• [Exercise data]:
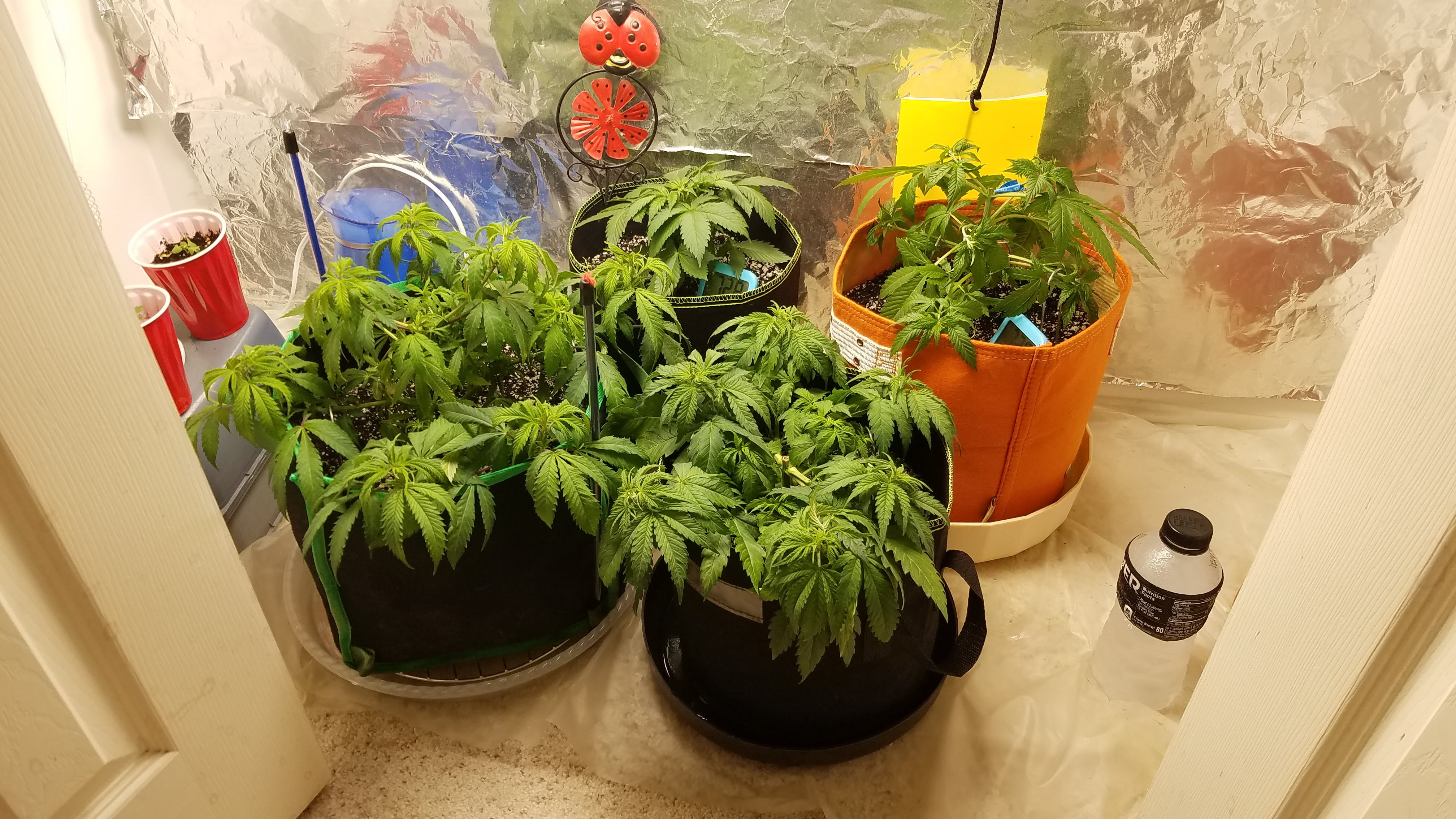 I'm prioritizing getting the training started before cleaning the closet floor, sprinkling DE, putting down new plastic, removing foil on back wall, and tacking up extension cords where they belong.
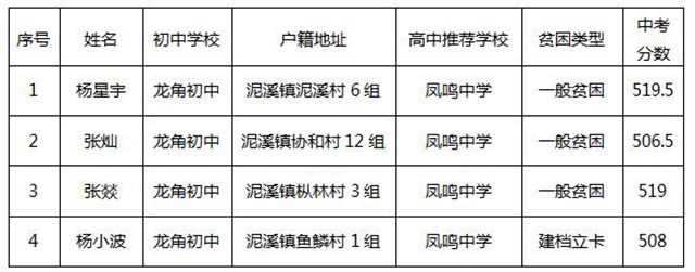 根据中共重庆市委宣传部、重庆市精神文明建设委员会办公室、重庆市教育委员会关于《开展重庆市2020年圆梦助学行动的通知》(渝文明办〔2020〕9号)文件要求,面向我县深度贫困乡镇(泥溪镇)的困难初中毕业生开展公益性助学行动,根据学生家庭困难情况、在校期间学习情况和品德表现,推荐并上交《重庆市2020年圆梦助学生行动申请审批表》。县委宣传部、县文明办、县教委对申报材料进行审核后,确定出符合条件的4名拟助学名单,现公示如下:
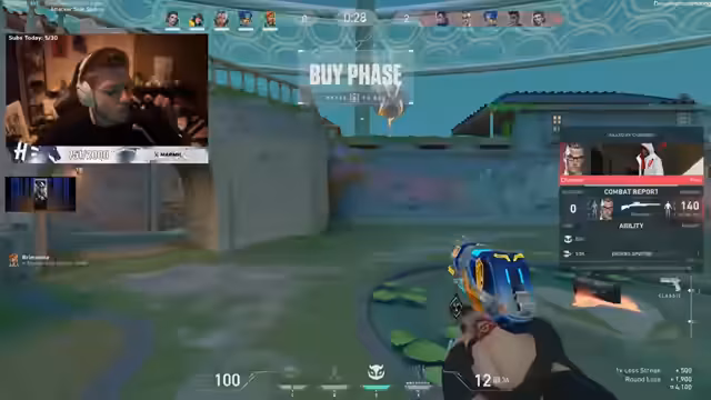 00:00:54Der Streamer startet den Stream und begrüßt mehrere Zuschauer, darunter Madwink, Himmelsrichtung und Kumo. Er diskutiert den Deathmatch-Modus in Valorant und äußert sich zu Chancen für einen guten Tag bei Siegen. Dabei werden strategische Aspekte wie Map-Kontrolle und Agentenwahl (Chamber, Phoenix) thematisiert. Die Unterhaltung schweift zu Musik ab, wobei traurige Tracks als atmosphärisch beschrieben werden, besonders beim League of Legends spielen. Es folgen detaillierte Gameplay-Beschreibungen mit Kills, Positionierungen und Rundenverläufen, während weitere Zuschauer wie Tim, Link und Palas begrüßt werden.
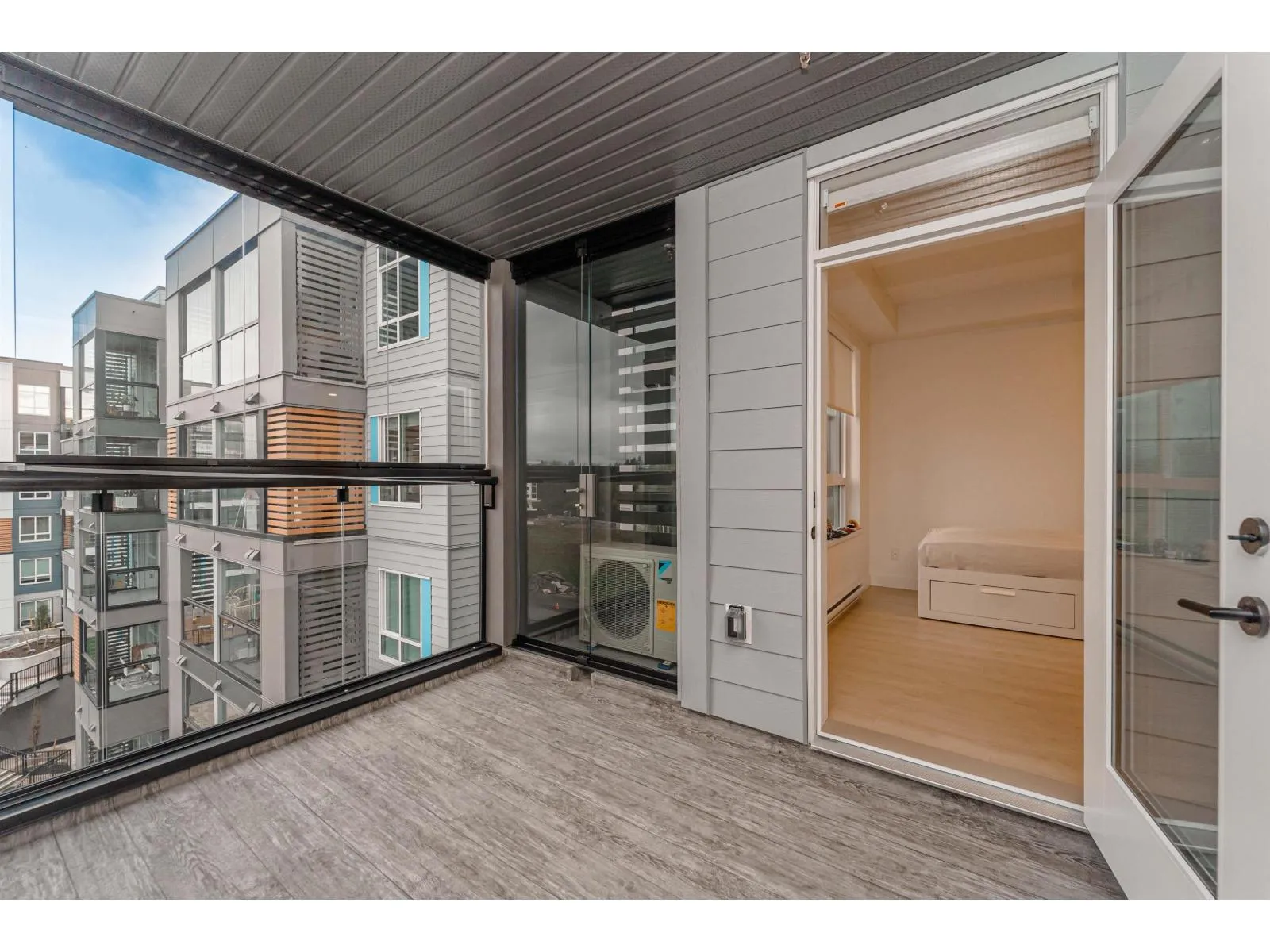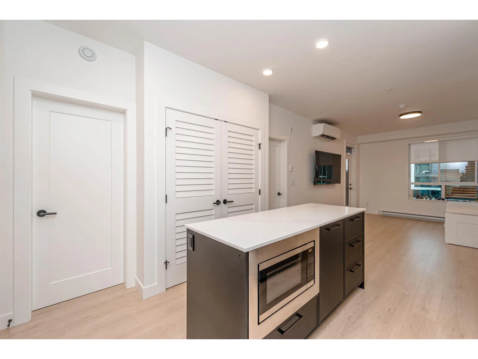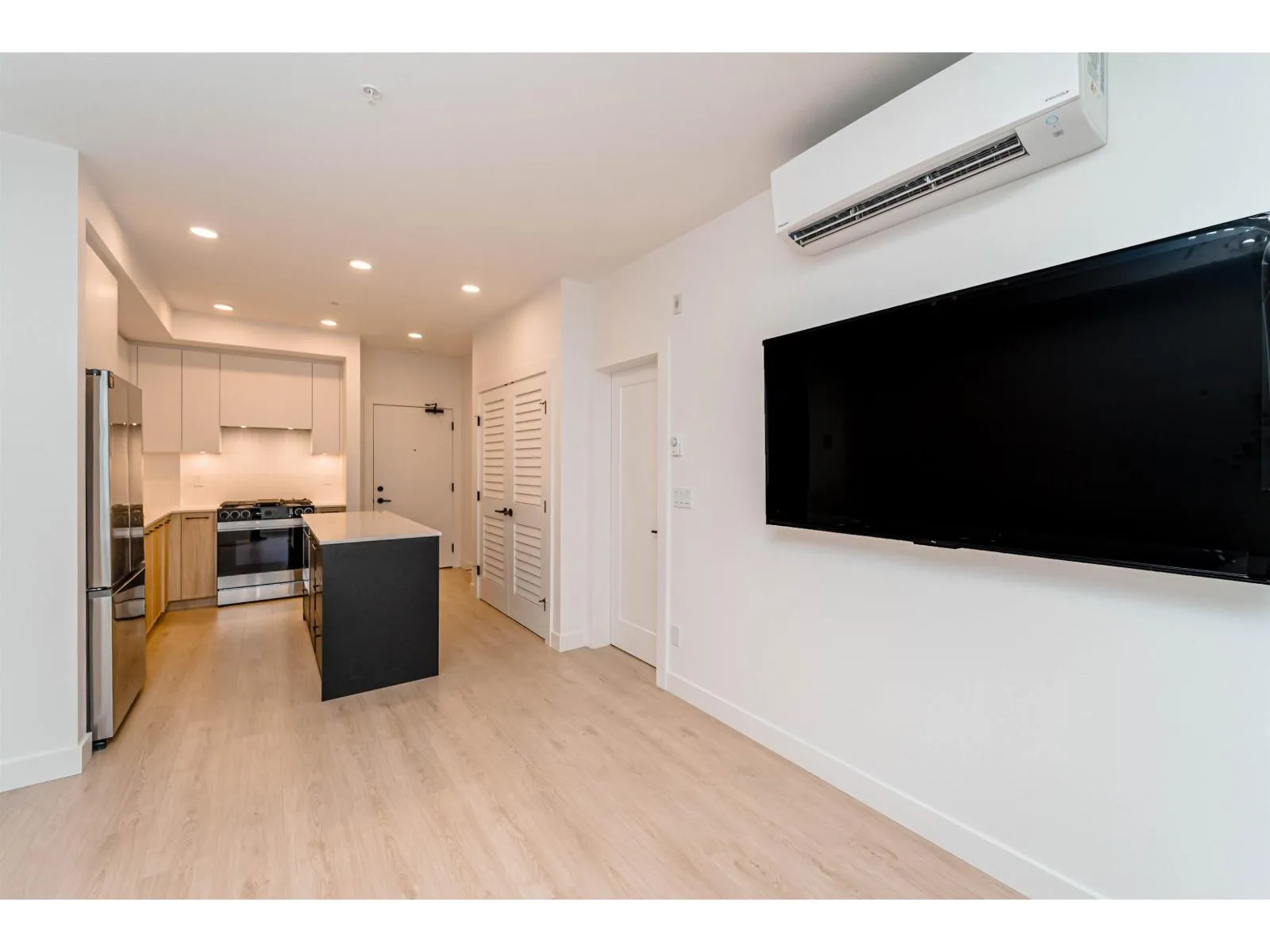 LIVE IN STYLE. Welcome to Hayer Town Centre located at 200 St & 76 Ave in West Langley, a master-planned community. Built in 2025- This unit plan features 1 bedroom, 1 bath, kitchen with quartz counter tops/ S/s appliances/ modern cabinetry, bright living area with air conditioning, in suite laundry and a spacious solarium with retractable upper glass. The stand-alone

• [Task goal]: Write out, word for word, the lines running from the one containing "00:00:54Der Streamer startet" to the end of the data above; the pictures are to be left out.

• [Answer]:
 00:00:54Der Streamer startet den Stream und begrüßt mehrere Zuschauer, darunter Madwink, Himmelsrichtung und Kumo. Er diskutiert den Deathmatch-Modus in Valorant und äußert sich zu Chancen für einen guten Tag bei Siegen. Dabei werden strategische Aspekte wie Map-Kontrolle und Agentenwahl (Chamber, Phoenix) thematisiert. Die Unterhaltung schweift zu Musik ab, wobei traurige Tracks als atmosphärisch beschrieben werden, besonders beim League of Legends spielen. Es folgen detaillierte Gameplay-Beschreibungen mit Kills, Positionierungen und Rundenverläufen, während weitere Zuschauer wie Tim, Link und Palas begrüßt werden.
 LIVE IN STYLE. Welcome to Hayer Town Centre located at 200 St & 76 Ave in West Langley, a master-planned community. Built in 2025- This unit plan features 1 bedroom, 1 bath, kitchen with quartz counter tops/ S/s appliances/ modern cabinetry, bright living area with air conditioning, in suite laundry and a spacious solarium with retractable upper glass. The stand-alone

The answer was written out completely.